## WHAT TO WORK ON
Span requested from the data below: the line with "在今年6月国家发改委等三部委" through the line with "하이일드 채권 스프레드", both included. Give only these lines again, exactly, and leave every picture out.

## DATASET ENTRIES
□ □ □ □ □ □ □

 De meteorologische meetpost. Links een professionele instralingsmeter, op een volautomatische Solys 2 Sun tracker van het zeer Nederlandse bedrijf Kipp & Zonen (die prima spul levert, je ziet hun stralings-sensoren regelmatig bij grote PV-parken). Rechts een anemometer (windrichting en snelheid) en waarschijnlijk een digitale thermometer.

□ □ □ □ □ □ □

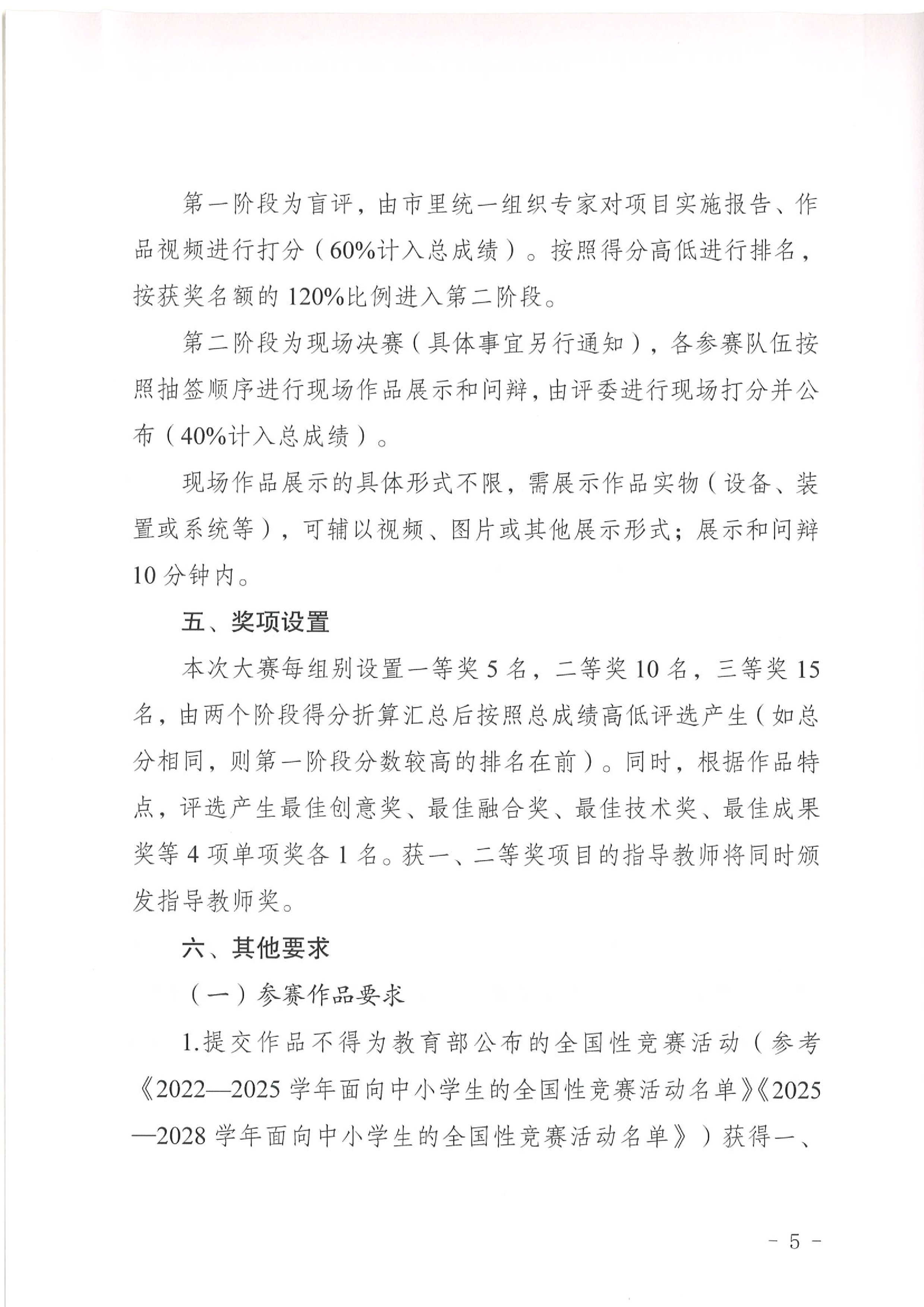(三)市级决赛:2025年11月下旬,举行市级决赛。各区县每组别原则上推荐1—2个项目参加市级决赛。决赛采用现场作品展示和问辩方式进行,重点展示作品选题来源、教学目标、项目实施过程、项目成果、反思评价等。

□ □ □ □ □ □ □

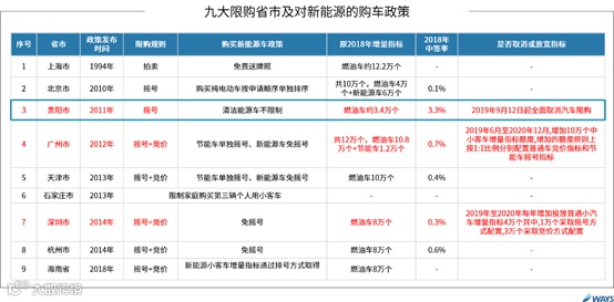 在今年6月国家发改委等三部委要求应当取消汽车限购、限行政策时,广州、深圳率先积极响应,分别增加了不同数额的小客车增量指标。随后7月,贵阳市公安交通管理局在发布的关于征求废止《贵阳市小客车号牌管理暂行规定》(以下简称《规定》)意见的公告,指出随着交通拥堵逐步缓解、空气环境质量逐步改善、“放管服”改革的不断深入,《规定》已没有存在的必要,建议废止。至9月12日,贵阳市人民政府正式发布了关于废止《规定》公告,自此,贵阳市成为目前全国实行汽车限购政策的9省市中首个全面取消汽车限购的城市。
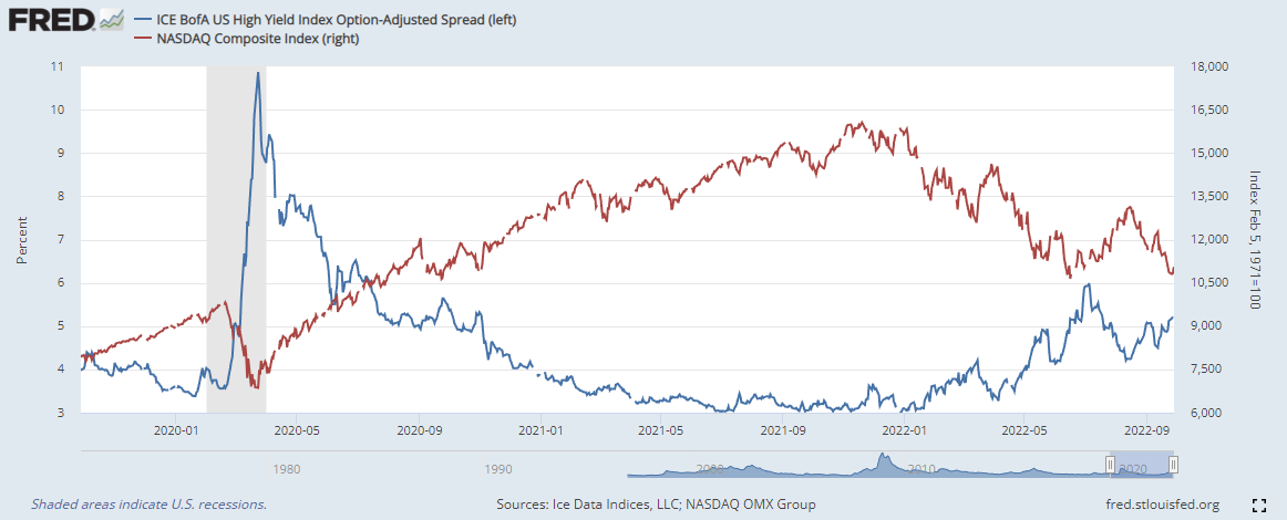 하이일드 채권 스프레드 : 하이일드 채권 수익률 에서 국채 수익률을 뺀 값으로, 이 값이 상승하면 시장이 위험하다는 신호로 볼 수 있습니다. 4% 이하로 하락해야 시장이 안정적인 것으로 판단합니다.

□ □ □ □ □ □ □

## COMPLETED TASK
 在今年6月国家发改委等三部委要求应当取消汽车限购、限行政策时,广州、深圳率先积极响应,分别增加了不同数额的小客车增量指标。随后7月,贵阳市公安交通管理局在发布的关于征求废止《贵阳市小客车号牌管理暂行规定》(以下简称《规定》)意见的公告,指出随着交通拥堵逐步缓解、空气环境质量逐步改善、“放管服”改革的不断深入,《规定》已没有存在的必要,建议废止。至9月12日,贵阳市人民政府正式发布了关于废止《规定》公告,自此,贵阳市成为目前全国实行汽车限购政策的9省市中首个全面取消汽车限购的城市。
 하이일드 채권 스프레드 : 하이일드 채권 수익률 에서 국채 수익률을 뺀 값으로, 이 값이 상승하면 시장이 위험하다는 신호로 볼 수 있습니다. 4% 이하로 하락해야 시장이 안정적인 것으로 판단합니다.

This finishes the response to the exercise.